*** Opening of Records for this exercise ***
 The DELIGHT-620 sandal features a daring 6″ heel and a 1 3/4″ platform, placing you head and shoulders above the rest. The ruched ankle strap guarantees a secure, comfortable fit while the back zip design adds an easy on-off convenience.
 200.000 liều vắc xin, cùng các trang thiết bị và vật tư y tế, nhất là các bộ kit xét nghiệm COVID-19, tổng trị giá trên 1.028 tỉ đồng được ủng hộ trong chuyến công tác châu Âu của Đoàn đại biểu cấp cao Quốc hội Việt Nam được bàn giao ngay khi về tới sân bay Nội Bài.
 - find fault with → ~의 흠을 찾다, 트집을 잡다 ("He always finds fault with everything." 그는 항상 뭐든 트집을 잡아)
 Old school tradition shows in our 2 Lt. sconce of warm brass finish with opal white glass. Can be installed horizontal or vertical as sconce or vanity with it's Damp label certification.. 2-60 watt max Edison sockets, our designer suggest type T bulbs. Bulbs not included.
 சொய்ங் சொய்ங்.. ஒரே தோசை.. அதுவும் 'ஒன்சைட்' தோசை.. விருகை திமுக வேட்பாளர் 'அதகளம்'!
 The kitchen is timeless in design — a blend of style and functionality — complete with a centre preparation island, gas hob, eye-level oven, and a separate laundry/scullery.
*** Close of Records for this exercise ***
*** Opening of Records for this exercise ***
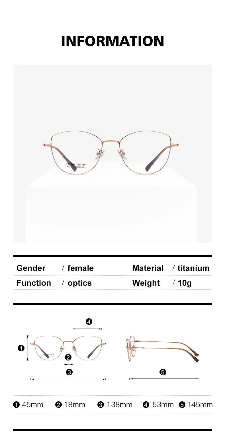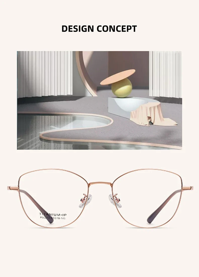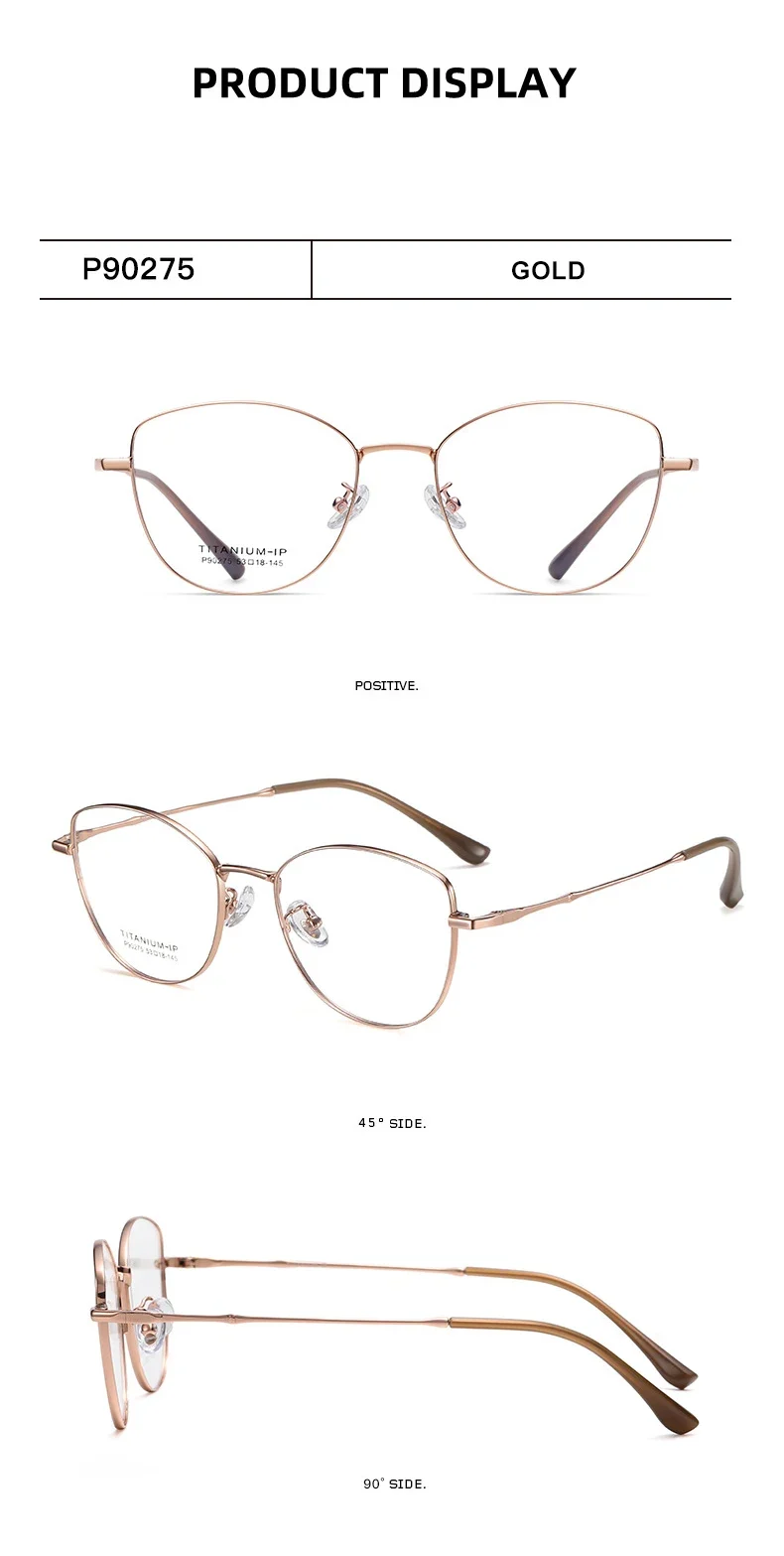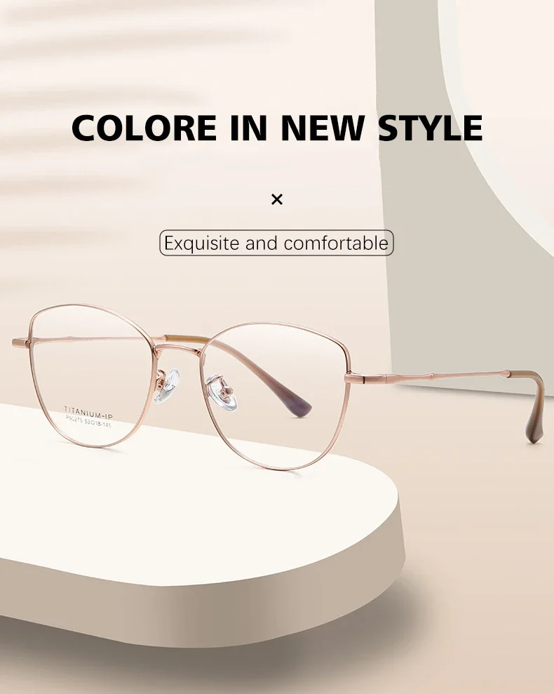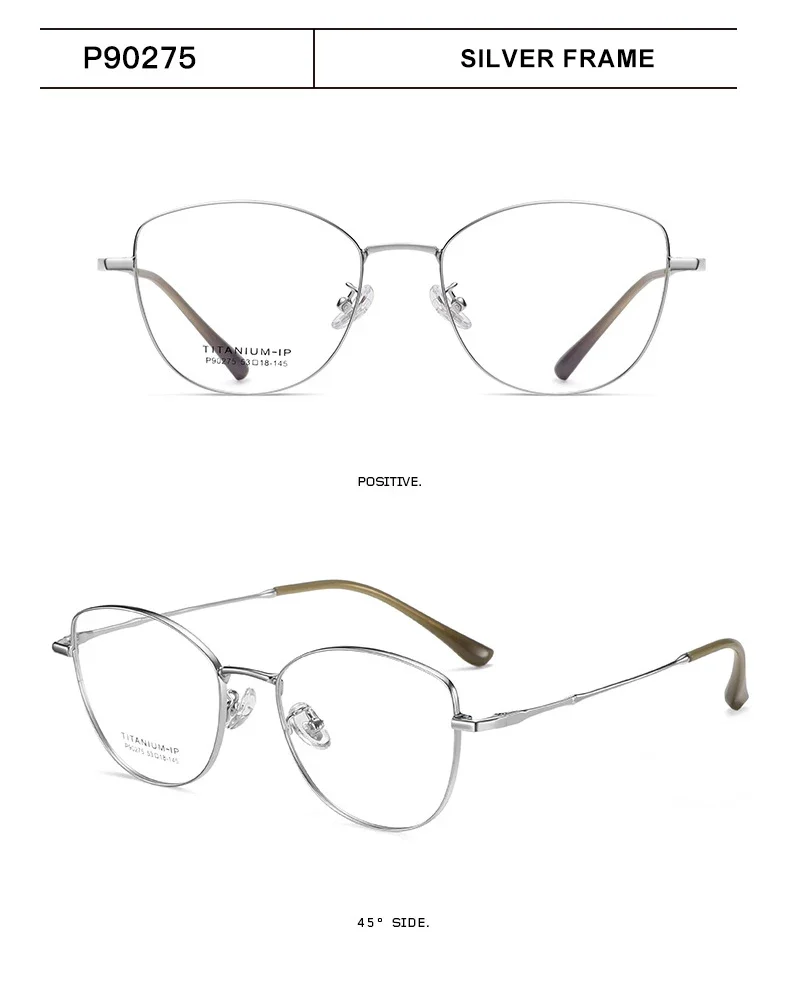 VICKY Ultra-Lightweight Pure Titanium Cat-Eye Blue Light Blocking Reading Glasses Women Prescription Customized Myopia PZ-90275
*** Close of Records for this exercise ***
*** Opening of Records for this exercise ***
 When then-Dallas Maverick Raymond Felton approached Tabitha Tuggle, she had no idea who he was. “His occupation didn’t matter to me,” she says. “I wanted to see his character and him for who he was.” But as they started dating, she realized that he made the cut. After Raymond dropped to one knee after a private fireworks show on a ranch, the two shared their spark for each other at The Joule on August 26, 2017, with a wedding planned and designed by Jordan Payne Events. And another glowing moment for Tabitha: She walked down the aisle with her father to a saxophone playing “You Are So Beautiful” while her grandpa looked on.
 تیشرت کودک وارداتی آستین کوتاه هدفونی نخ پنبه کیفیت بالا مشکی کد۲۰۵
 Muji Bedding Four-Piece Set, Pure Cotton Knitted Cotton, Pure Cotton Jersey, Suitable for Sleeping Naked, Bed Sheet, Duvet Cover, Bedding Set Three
*** Close of Records for this exercise ***
Extract every line from the records above that contains the word "while".

## Exercise answer:
 The DELIGHT-620 sandal features a daring 6″ heel and a 1 3/4″ platform, placing you head and shoulders above the rest. The ruched ankle strap guarantees a secure, comfortable fit while the back zip design adds an easy on-off convenience.
 When then-Dallas Maverick Raymond Felton approached Tabitha Tuggle, she had no idea who he was. “His occupation didn’t matter to me,” she says. “I wanted to see his character and him for who he was.” But as they started dating, she realized that he made the cut. After Raymond dropped to one knee after a private fireworks show on a ranch, the two shared their spark for each other at The Joule on August 26, 2017, with a wedding planned and designed by Jordan Payne Events. And another glowing moment for Tabitha: She walked down the aisle with her father to a saxophone playing “You Are So Beautiful” while her grandpa looked on.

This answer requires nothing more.